It all happened over a week ago.
Crashes after meals.
Countless packs of smarties.
Lows that took three times the amount of carbs to bring her up.
Temp basals up the wazoo.
Fred and I got into discussion after discussion about what to do. She wasn't sick. Nothing was different. So what the hell was going on?
Finally we decided to ride the basal. That is, to NOT bolus her for any more meals and see what happened.

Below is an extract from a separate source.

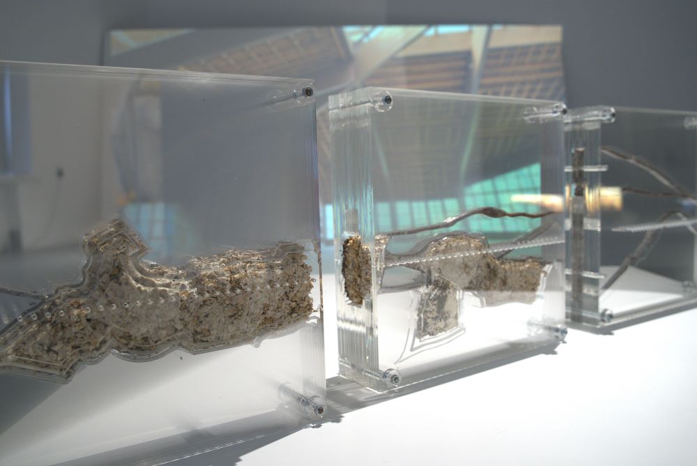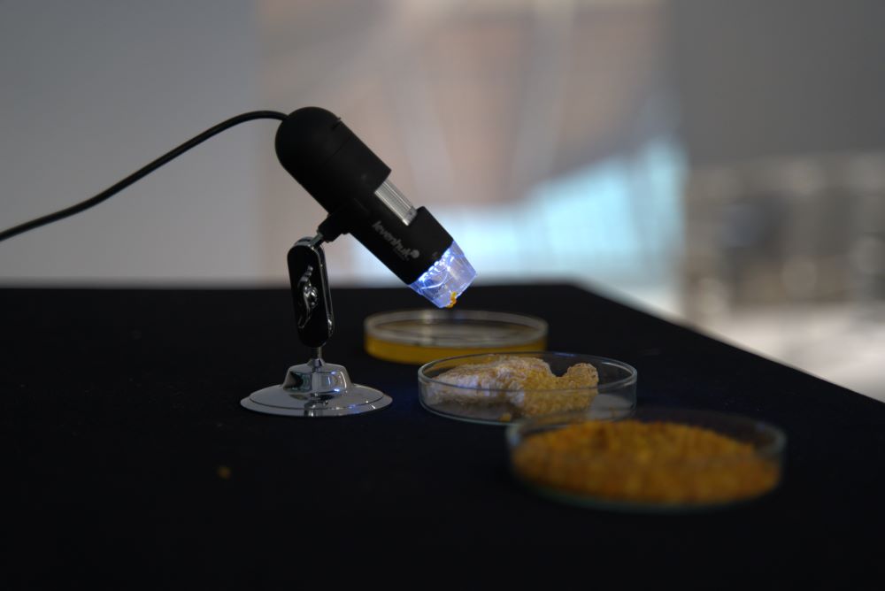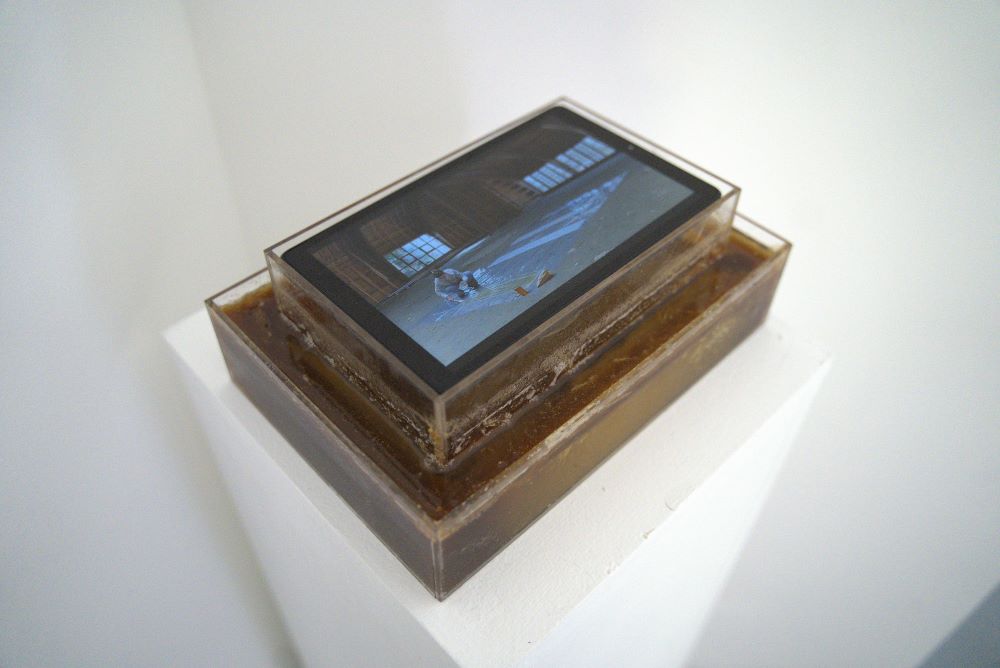 Videli ste travu, omirisali med, možda i dodirnuli pleksiglas… čuli ste zvuk? Ali, sve je to u-obličeno i postavljeno, pred vas, kao niz fragmentarnih iskustva kojima umetnica, igrajući se… životom kao sredstvom i formom umetničkog izraza, prikazuje njegove [ne]vidljive estetske potencijale i simboličke učinke kojih – najčešće – niste ni svesni (šta >znači< pčela i kako po:smatraš pšenicu ili med). Do kraja izložbe, sigurno će se štošta promeniti, a ono čemu sada svedočiš je kadar : frejm prirode u nezaustavljivoj entropiji (čitaj: transformaciji) – koja se upravo ovde događa u in vitro, laboratorijskim uslovima galerijskog prostora. Razbijena „scenografija” stvarnosti kroz sintetičku arhitektoniku čula. Razmišljaš (polako šeta i – ćuti).

We didn't correct any highs either.
Things weren't perfect... sometimes she would go into the 200s. But she would always correct herself; no bolus needed.
But we also had days where she would be low-ish (70) going into dinner. She would eat 75g of carbs; including fries and gelato. Receive no bolus. And be 118 when we checked about 3 hours later. Total flat line on the CGM.
It dragged on. I won't lie, thoughts of a regenerating pancreas crept into my thoughts, but I pushed them away knowing the inevitable highs were coming. Regardless, the word "cured" danced on the outskirts of my brain, and I allowed myself to hope.
Of course, it all turned around one week after it started. I knew it was coming, but it was still a dagger to my heart. I should know better. I DO know better. But I am also a mom with the capacity to hope miraculous things for her child. And a little part of me dies when reality comes roaring back, as it always does.
I'll be okay. I got to experience letting Elise eat whatever she wanted and not worry about what it would do to her BG. I still counted carbs, but it wasn't the same.
I'll just chalk it up to her pancreas giving us a little birthday/anniversary gift.